いまは疎開している、村民たちの集会場の二階で私は腕を組んでいる。ダンス・パーティの開けそうな室内、我が司令部の構成員たちがそれぞれの職務に熱中していた。熱中でもしなければどうにかなりそうな緊張感がある。事実、私の、日頃は横柄この上ない胃ですらグニュグニュと蠢いていた。
無理もない、と、自己弁護したい。有視界内、見渡す限りの敵、敵、敵、敵であった。コチラとあちらの先頭との距離は約三キロである。視界の端の小さな丘の上で、グルグルと、長閑に回転している風車が奇妙に恨めしく思われた。人のやることなんて知らないですか。そうですか。

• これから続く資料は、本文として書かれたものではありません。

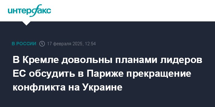 Москва. 17 февраля. INTERFAX.RU - В Кремле назвали положительным фактом то, что европейские лидеры обсудят 17 февраля в Париже планы мирных переговоров по Украине. Об этом сказал на брифинге пресс-секретарь президента России Дмитрий Песков и предложил дождаться результатов этого саммита.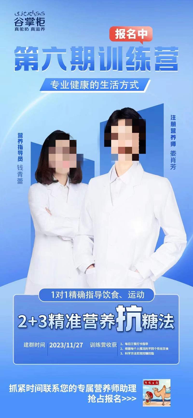 与此同时,文章还分享了“来自5位糖友的真实改善案例”,中间穿插有“谷掌柜有机纯驼乳粉”“谷掌柜益生菌初乳配方驼乳粉”的产品图片及谷掌柜“全国驼奶制品连续三年全网销量第一”的市场地位认证图片。文章开头的图片中则介绍了谷掌柜营养师教练团的7名成员,配文“欢迎您加入谷掌柜食养研究院,您将享受中老年内分泌代谢领域实战教练团三师共管级别服务指导”,并称这支营养师训练团擅长健康评估、糖尿病管理、慢病调理、更年期调理、睡眠管理、体重管理等研发的糖尿病配餐系统。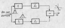 Разность этих частот определяет полосу пропускания дискриминатора. Напряжение, снимаемое с каждого из контуров, детектируется амплитудными детекторами Д1 и Д2.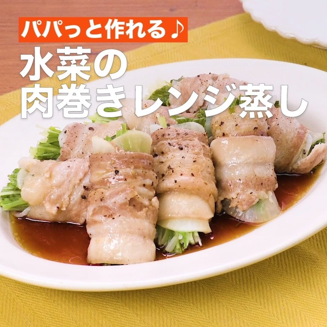 ②<パパっと作れる♪水菜の肉巻きレンジ蒸し>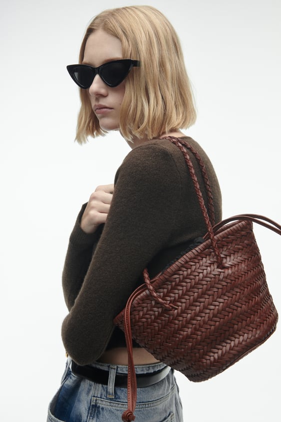 ZARA 真皮編織水桶包 NTD$4490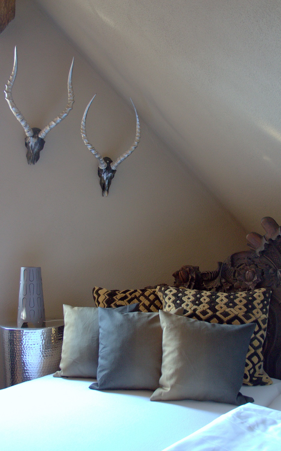 Ein Stockwerk höher gab es noch drei weitere Zimmer für mich und meine Kamera zusehen. Das „Nungubais“ mit seinem begehbaren Kleiderschrank hinter schweren antiken Holztüren hatte genauso seinen Charme, wie das „Lions Head“, welches sich auf zwei Ebenen erstreckt, und zwar mit einem Bett direkt unter dem Dachgiebel inklusive Blick durch das Dachfenster auf den Sternenhimmel. Die angrenzende „Impala-Lounge“ bot mit einem original afrikanischen Bett einen tollen Abschluss meiner Hotelführung.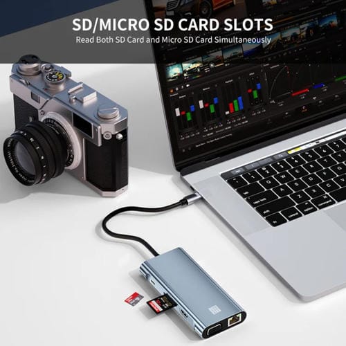 Adaptador Junsunmay 10 en 1 Tipo-C a 4K HDMI, VGA, RJ45, Audio 3,5mm, PD Carga Rápida, Lector Tarjetas SD/TF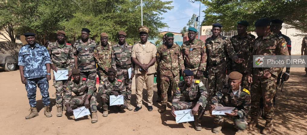 La cérémonie de fin de formation classique des CAT 1 et CAT 2 (service général et ouvrier) s’est tenue, ce jeudi 16 avril 2026, au Centre d’Instruction de la Garde Nationale, au Camp de Garde de Gao, en présence du Commandant de zone, le Colonel Ibrahim SAMASSA, du Commandant de la Région Garde N°7, le Colonel Sounkalo COULIBALY, ainsi que de plusieurs responsables militaires de la région.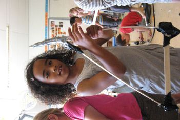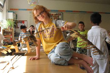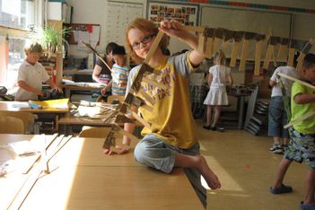 Alexander: " Ik heb vorige keer een vleugel gemaakt, maar ik vind hem een beetje raar. Ik vind het net een kam. En ik ben er klaar mee. Kijk zo is het een kam, kijk maar. En zo zijn het vleugels".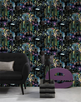 Tapete Glow in the Dark - Nachtstadt - Teile des Musters leuchten im Dunkeln.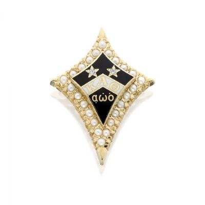 The official Kappa Alpha Theta badge with a pearl border. Wear it with pride!

「敵が七分に陸が三ですね。どれぐらい居ると思います?」
「気球偵察によれば三個師団だと」
並んで立つ剣橋さんが答えた。彼ほどの豪傑ですら額と首筋とに冷や汗を掻いていた。「総司令部は五時間を突き付けて来ました」
「あんれまあ。四五〇〇〇人、阪神甲子園球場が満員になるぐらいの人数を相手に五時間ですか? 予定よりもちょっと長いですね? しかも敵司令官は明らかにダイキリ四天王の誰か、と」
「ダイキリ四天王ってのは、なんですな、五人、いるそうですな」
「らしいですね。一人、性格だか何だかの問題で数に数えられてないメンバーがいるとか」
「どこにもそういうのがいるもんですな」
「ええ、貴方みたいなのがね」
「いえいえ、ご謙遜なさらず。貴方みたいなのですよ」
私と剣橋さんは苦笑した。こういうとき、少しでもいい、気分をリラックスさせておくことは重要だ。

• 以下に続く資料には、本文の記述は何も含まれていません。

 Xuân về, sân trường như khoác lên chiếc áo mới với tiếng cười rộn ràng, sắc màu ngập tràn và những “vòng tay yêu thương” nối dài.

「それにしても旅団長は物欲しそうな顔をしていますね。いま、何が欲しいんです? ウィスキーでも用意させましょうか」
「次回予告ですよ」
「……。……。……。失礼?」
「次回予告です」
私はニタニタした。「かなり苦戦したものの我々は無事に勝利した、と、そう保証してくれる感じの。ネタバレ気味な」
「ああ」剣橋さんは四角い顎を撫でた。「サービスサービスですな」
私の背後に待機している頂が咳払いをした。
――何もかも真赤な嘘である。
第三旅団の不穏な動き? 計画通りの行動だ。
離反者? 実在しない。
会長が停戦に前向きだと? お笑い種だな。
ダイキリ軍は見事に騙された。我が軍の狙いは敵主力をココへ吸引して拘束、その間、手薄となったシュラーバッハ中央の高地を占拠して、そこに強力な火力(火砲)を集中させることにある。高所からの一方的な砲撃が可能となれば敵主力を覆滅することは容易い。今朝、奇しくもシュラーバッハ中央は濃霧、これに乗じて行われる高地への奇襲はまず成功するだろう。

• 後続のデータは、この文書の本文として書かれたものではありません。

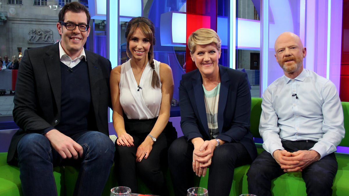 Alex Jones is joined by co-host Richard Osman. They chat to Clare Balding about Saturday's Boat Race, which for the first time in history will see the female crews racing on the same route as the men. Clare has made a film about women's achievements in sport. Carrie Grant is live from Ladies Day at Aintree, where she speaks to top women jockeys Katie Walsh and Nina Carberry. Joe Crowley looks at how a group of entrepreneurs has come up with a healthier version of the fried chicken shop, while street barber Michael Douglas takes his scissors along to Downing Street. Jimmy Somerville chats about his new disco album and performs his 1984 classic Smalltown Boy live.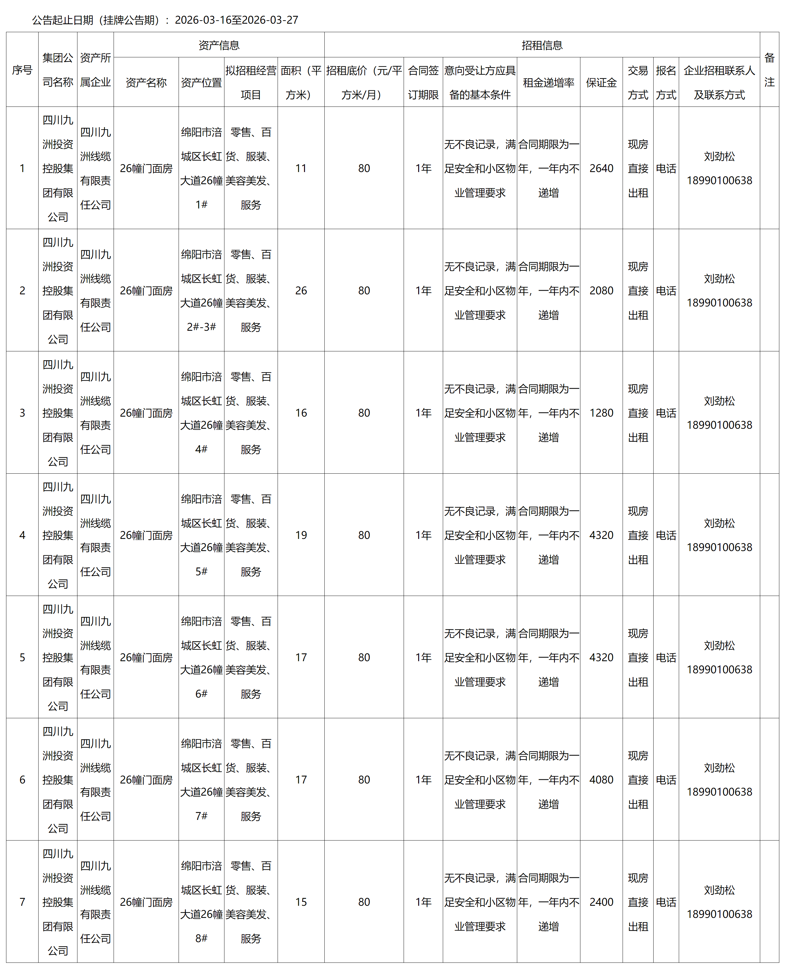 四川九洲线缆有限责任公司资产出租公告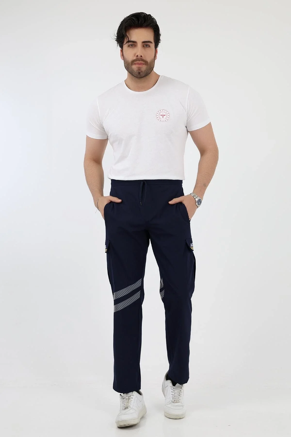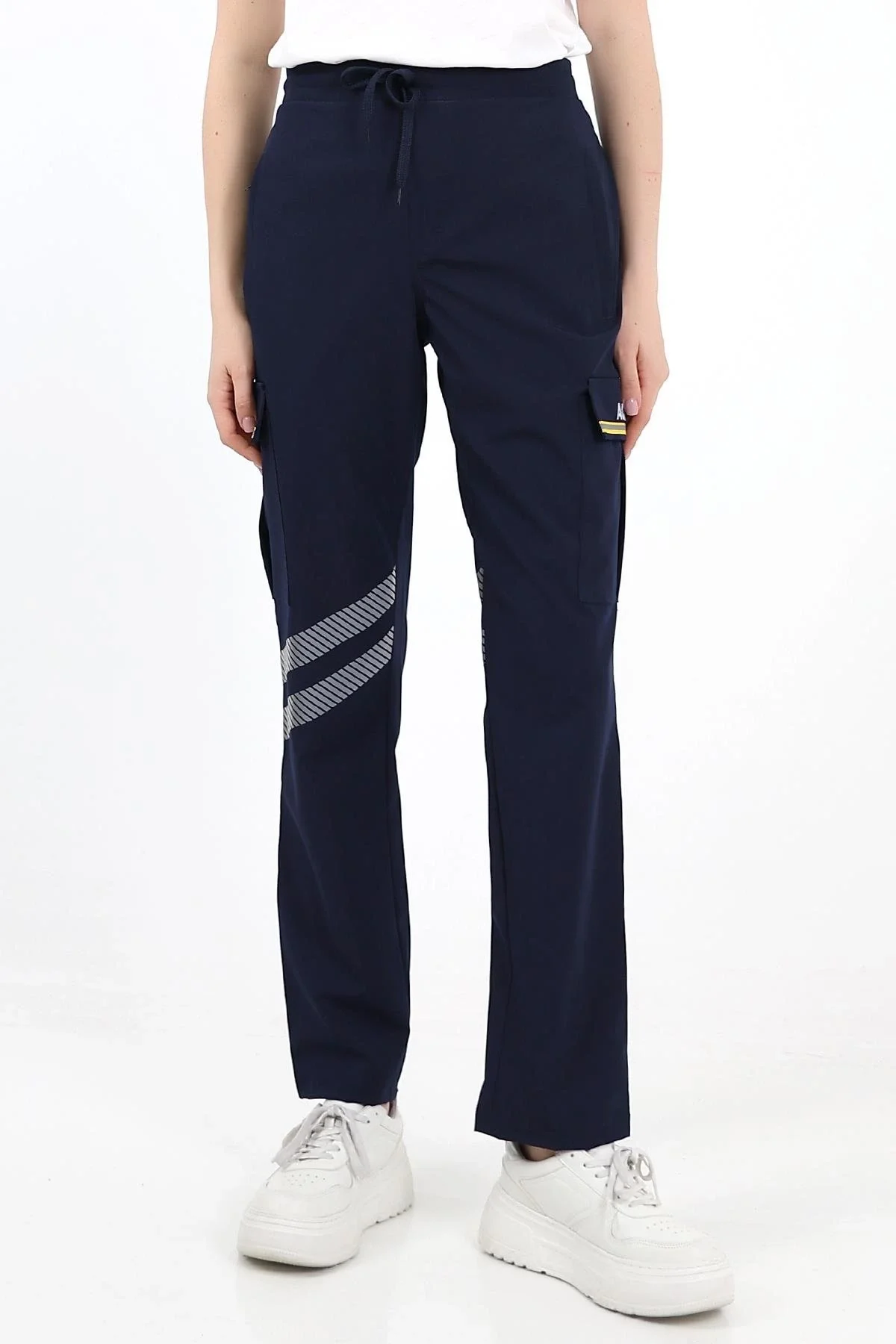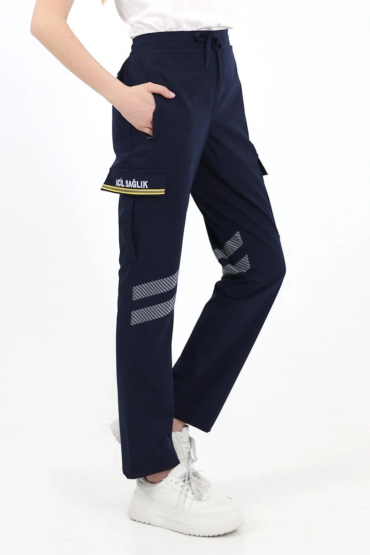 Kargo cep kapaklarındaki sarı şerit özel reflektörlü olup gece ışık yansıtma özelliğine sahiptir.

ダイキリ軍とて馬鹿ではない。連日、夜に火を焚いてまで――連中はそれを必死の逃げ支度と誤解したようだ――陣地化したこの村の目前に兵を移動させた時点で、我々の芝居とその意図とに気が付いている。
だが、もうどうにもならない。横列に隊形変更を済ませた三個師団、それらを縦列に組み直すまでにはどれだけ努力したところで一時間以上が必要になる。そして勿論、敵前、我々の前でそんな悠長なことはしていられない。
否、よしんば何らかの奇跡や偶然が重なって可能となったとしても、三個師団が移動を開始して完了する迄には相当な時間を要する。戦闘と移動をこなして、罠に掛けられたという心理的ダメージを受けた兵どもの疲労、それをどうにかする策も必要となる。
敵は我が第二旅団を攻略するしかない。ココを攻撃する他にない。
我が旅団は主力が高地を占拠するまでひたすら耐えればいい。いいのだが、そこには一抹の不安も付き纏う。ダイキリ側へ流した偽情報の中にたったひとつだけ真実が混ざっていたのだ。第六旅団、我が第二旅団と共にこの陣地に立て籠もる筈だった彼らが、まだ到着していないのである。
なにをどうすればこれだけ遅れられるのか。伝書鳩で齎された文書によれば自然災害に見舞われたらしいが、それにしたって二日の遅れである。第六旅団長はチャットアプリで既読無視をするタイプだと私は鑑定する。『寝てたわ』
私は乾燥した唇を舐めた。剣橋さんに作戦部が立案した戦術案のひとつ――ロ八号を検討し直すようにお願いする。いざというときにこの村を捨てるプランであった。剣橋さんは黒歌さんを呼んで命じた。
「お前、作戦部から二人、情報部から一人、兵站部からも一人、引き抜いて良いからロ八号を練り直させろ。想定する状況をもっともっと悪化させて。時間は、そうだな、一時間半以内に。誰を引き抜くかはお前に任せる。注意点とより具体的な想定は――」
「あいあーい」と、黒歌さんが走り去ろうとしたときだった。別の窓から敵の様子を探っていた一年生が叫んだ。
「敵が攻撃前進を開始!」
敵中から喇叭の音が響いた。敵軍楽隊がガンパレード・マーチを演奏し始める。その演奏のリズムに歩幅を合わせ、敵は連隊横列(縦三人横六〇〇人)を縦に繋げた陣形でコチラへ向かい始めた。横列同士はそれぞれ十数メートルずつの距離を置いている。前が崩れれば後詰が出てくる。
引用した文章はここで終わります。